04 Febbraio 2026, 19:50

Lorenzo Barone, continua il viaggio con la terza tappa in Amazzonia: "Riparto con un semplice bici. Spero regga i 4mila km fino in Bolivia"

Riparte con la terza tappa il progetto di Lorenzo Barone. L'esploratore di San Gemini, dopo aver affrontato l'oceano Atlantico in barca a remi, è pronto a proseguire per l'Amazzonia. Ad annunciarlo è lo stesso 28enne umbro sui propri canali social: "Terza fase del progetto: l'AmazzoniaNegli ultimi 9 giorni ho dormito in barca, legato al molo dei pescatori, mangiando le scorte di cibo rimaste a bordo - ha scritto -. Dopo 37 giorni senza internet sono stato travolto da messaggi, chiamate, email, problemi burocratici, pagamenti arretrati, fatture ecc e devo ammettere che in più di qualche momento ho desiderato riprendere a remare verso il largo per sparire tra le onde dell'Oceano".

 

"Ieri ho finalmente risolto tutti i problemi logistici per il trasporto della barca tramite container verso l'Europa, la barca è stata prelevata da un camion con la gru, e ora dopo una notte in amaca nella foresta sono pronto a proseguire con una semplice bici comprata a Cayenne che spero regga i circa 4000 km fino in Bolivia".

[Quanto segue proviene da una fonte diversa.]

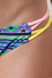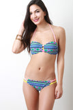 This bikini set features a colorful tribal pattern print, neon strappy accent, sweetheart bandeau top with structure foam padding, underwire, hook back closure, and removable adjustable halter straps. Bikini bottom features a low-rise fit, crisscross strappy sides, and fully lined. Accessories sold separately. 82% Polyamid, 18% Elastan. Lining: 100% Polyester.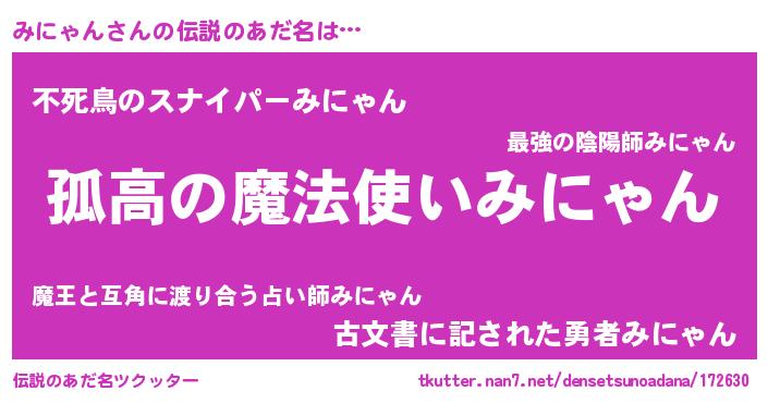 | 男性向けラノベタイトル風あだ名 | 『ダンジョンにみにゃんを求めるのは間違っているだろうか』 |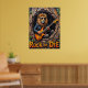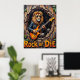 Cette oeuvre d'art captivante représente un lion, qui a l'air sans effort cool dans les lunettes de soleil et une veste en cuir, livrant des "fûts primaires" sur une guitare électrique de l'intérieur d'un arbre texturé creux. Les éléments naturels de la forêt encadrent subtilement la scène, tandis que le message "Rocher ou Mourir" proéminent renforce l'énergie brute. L'impasto épais et expressif crée une texture tangible, faisant résonner la passion du lion pour la musique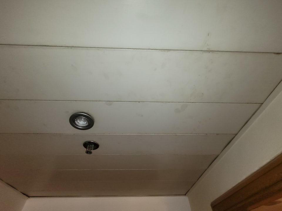 Sogar die Decke ist verschmutzt, Schuhabdrücke auf den vergilbten Paneelen

"Parlando con dei pescatori brasiliani riguardo i fiumi che intendo navigare in canoa in Amazzonia, ho scoperto che ci sono alcune criticità e sto valutando un opzione molto più selvaggia ma senza rischi legati a criminalità e pirateria. Devo ancora trovare una piroga tradizionale tra Boa Vista e Caracarai e coprire i 1700km che mi separano dai fiumi in un paio di settimane, così da riprendere parte della muscolatura persa nell'oceano. Non so quando pubblicherò di nuovo".
Sarà possibile seguire viaggio di Lorenzo Barone attraverso il segnale del geolocalizzatore, che porta la testimonianza dell'impresa estrema che il 28enne sta portando a termine. 

Il Project Dust

Dust - La Via della Sabbia è il nome del progetto estremo al quale sta prendendo parte Lorenzo Barone: "È stato e continua ad essere il progetto più complesso che io abbia mai immaginato: un anno e mezzo di lavoro, pianificazione, burocrazia, allenamenti e logistica per dare forma a quattro spedizioni in una", aveva spiegato Barone sui social. L'obiettivo è quello di attraversare il Saharal’Atlanticol’Amazzonia e le Ande "interamente e consecutivamente a propulsione umana, tutte senza supporto esterno, seguendo il viaggio delle polveri sahariane che fertilizzano la foresta amazzonica".
"È stata una preparazione infinita: dalla scelta dell’attrezzatura alla barca a remi con cui tenterò la traversata oceanica. L’ho cercata usata per abbattere i costi e preparata con l’aiuto di Matteo, un ragazzo della mia zona che mi ha supportato nello specifico nell’installazione dell’impianto elettrico di bordo. Da solo sarebbe stato impossibile".